Все началось в деревне Барасат – на одной из ближайших к Калькутте плантаций. Фермеры начали шумно протестовать, остальные бенгальцы последовали их примеру. В результате сотни людей были брошены в тюрьмы, камеры которых переполнились. Ходили слухи о заговоре с целью похищения вице-короля лорда Рипона, а газета «Англичанин» сообщала: «мы находимся на пороге кризиса»[237].
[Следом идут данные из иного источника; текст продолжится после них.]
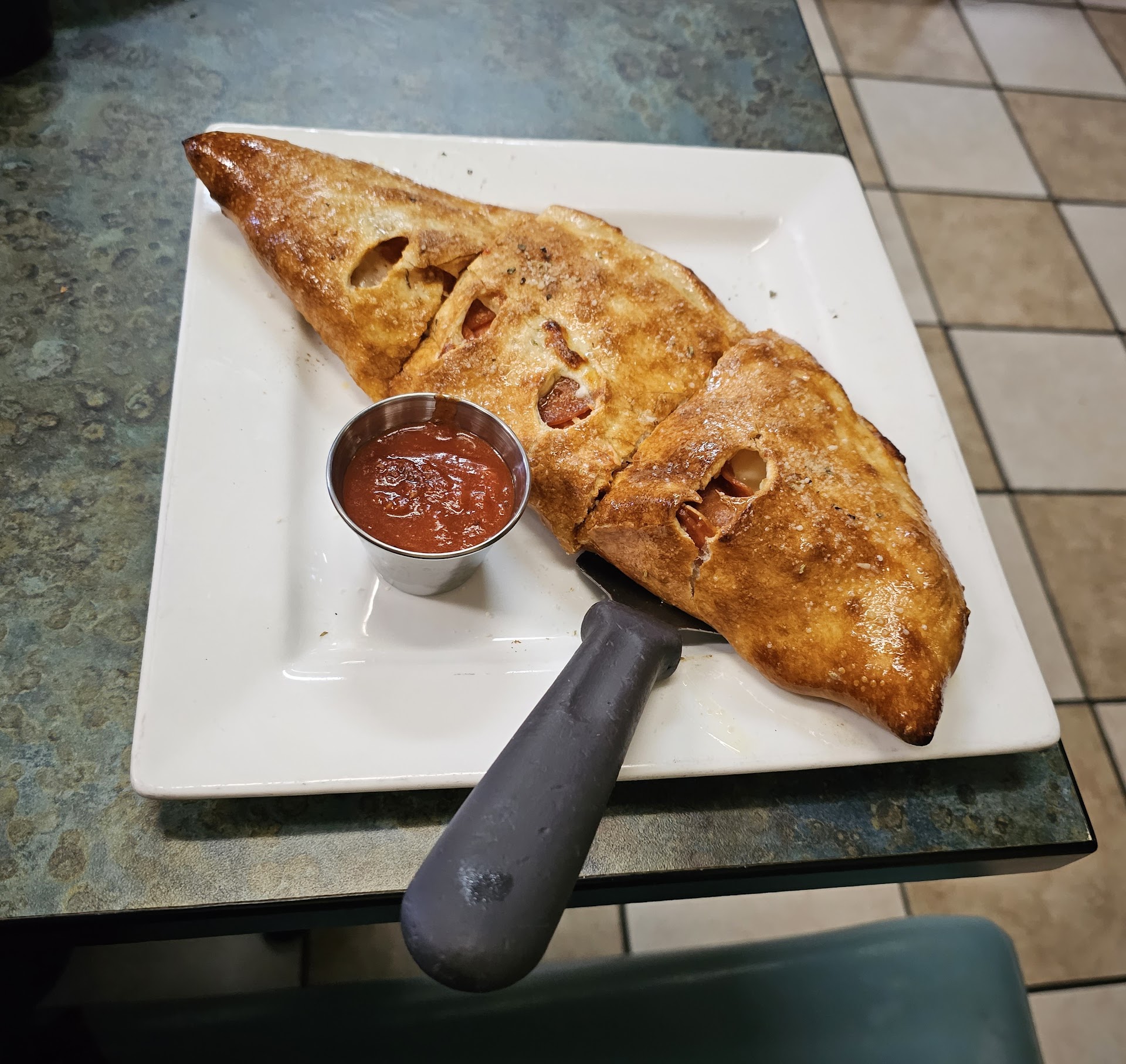 Group of three arrived for dine-in dinner. I had their calzone and it was spectacular.

Много позже миссионер Джеймс Лонг вспоминал, как однажды апрельским утром 1860 года он занимался санскритом со своим учителем, как вдруг увидел у своего окна толпу в полсотни человек, пытающуюся что-то ему сказать. Лонга (который поддерживал фермеров индиго) попросили перевести пьесу авторства почтового служащего по имени Динабандху Митра. Главные злодеи в «Нил Дарпане» – «Индиговом зеркале» – это неуклюжие и злобные двойники Джорджа Мирса, жестокие и коррумпированные колонисты, которые насилуют, избивают, поощряют проституцию. Они говорят полусловами, приправленными явными ругательствами, а фермеры неизменно бегло и четко высказывают протест против действий жестокой британской системы. «Этого человека избили, и в результате, я думаю, он будет прикован к постели в течение месяца, – упрекает бенгалец Вуда, одного из англичан, после того как тот чуть не убил фермера. – Сэр, у вас тоже есть семья. А теперь скажите, какое горе охватило бы вашу жену, если бы вас взяли в плен во время обеда?» Вуд отвечает оскорблением – чем-то между «пожиратель коров» и «ублюдок». Похоже, для компромиссов уже было слишком поздно.
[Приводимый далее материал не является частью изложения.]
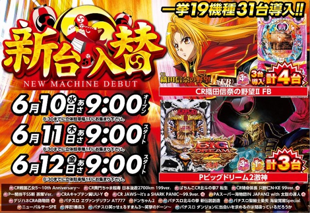明日6/10(水)新台入替初日!朝9時オープン!
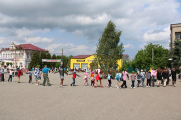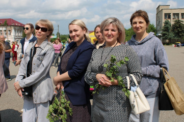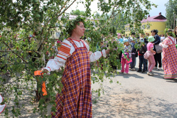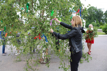 По старинному обычаю жители и гости города украсили березу яркими лентами, а потом вокруг неё водили хороводы и пели обрядовые песни.
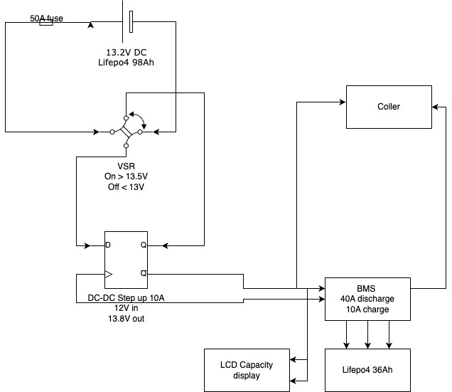 בתור התחלה, הvsr ששמת לא מתאים כשהמצבר הראשי הוא lfp. אתה רוצה שמתח הכיבוי שלו יהיה מעל 13.4 וולט, אחרת הוא יפרוק את המצבר הראשי.

Пьеса «Нил Дарпан» не была изящной драмой, но она оказалась эффективной и прокатилась по Бенгалии, вызвав всплеск политической активности. Перевод Лонга в сочетании с событиями в Барасате донесли информацию о проблемах с индиго до высших эшелонов британской политической системы. Правда, миссионера отправили в тюрьму за якобы перевод клеветнических материалов. Несправедливый режим на этом не закончился – первый акт мирного гражданского неповиновения Махатмы Ганди был совершен в северном Бихаре[238] в 1917 году, когда тот отправился поддержать крестьян, страдавших из-за посевов индиго, – но это было начало конца.
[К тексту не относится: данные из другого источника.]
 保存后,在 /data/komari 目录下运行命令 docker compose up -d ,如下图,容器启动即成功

Я понятия не имела, что ищу в Барасате, находящемся всего в получасе езды на пригородном поезде от Калькутты. Мне нужно было что-нибудь, что могло дать ключ к истории этого места, помочь почувствовать атмосферу, породившую бунты индиго в 1860 году. Но, к сожалению, застройка относилась к ХХ веку, большинство зданий было построено в 1960-х и 1970-х годах. А на полях уже давно растили рис. «Я ищу какое-нибудь старое здание», – сказала я джентльменам, пьющим чай в правительственных кабинетах под ревущими вентиляторами, и почувствовала себя нелепо. Они были дружелюбны и поручили мое дело молодому человеку по имени Сунил, который сначала отвел меня в справочную, а затем в здание суда, где личный помощник главного судьи (который учил своих детей-подростков пользоваться компьютером) сообщил, что мне повезло. В Барасате остался только один старый дом. И вот я иду за Сунилом по маленьким улочкам, вдоль которых выстроились мусорные лавки и обувные магазины. Мы свернули за угол, где меня ожидало самое необычное зрелище: к многоквартирному дому 1960-х годов прижимались призрачные развалины того когда-то величественного дома, украшенного огромным балконом на втором этаже и колоннами, поднимающимися до самого неба. Скрытые плющом, сияющие в лучах послеполуденного солнца эти колонны были великолепного голубого оттенка.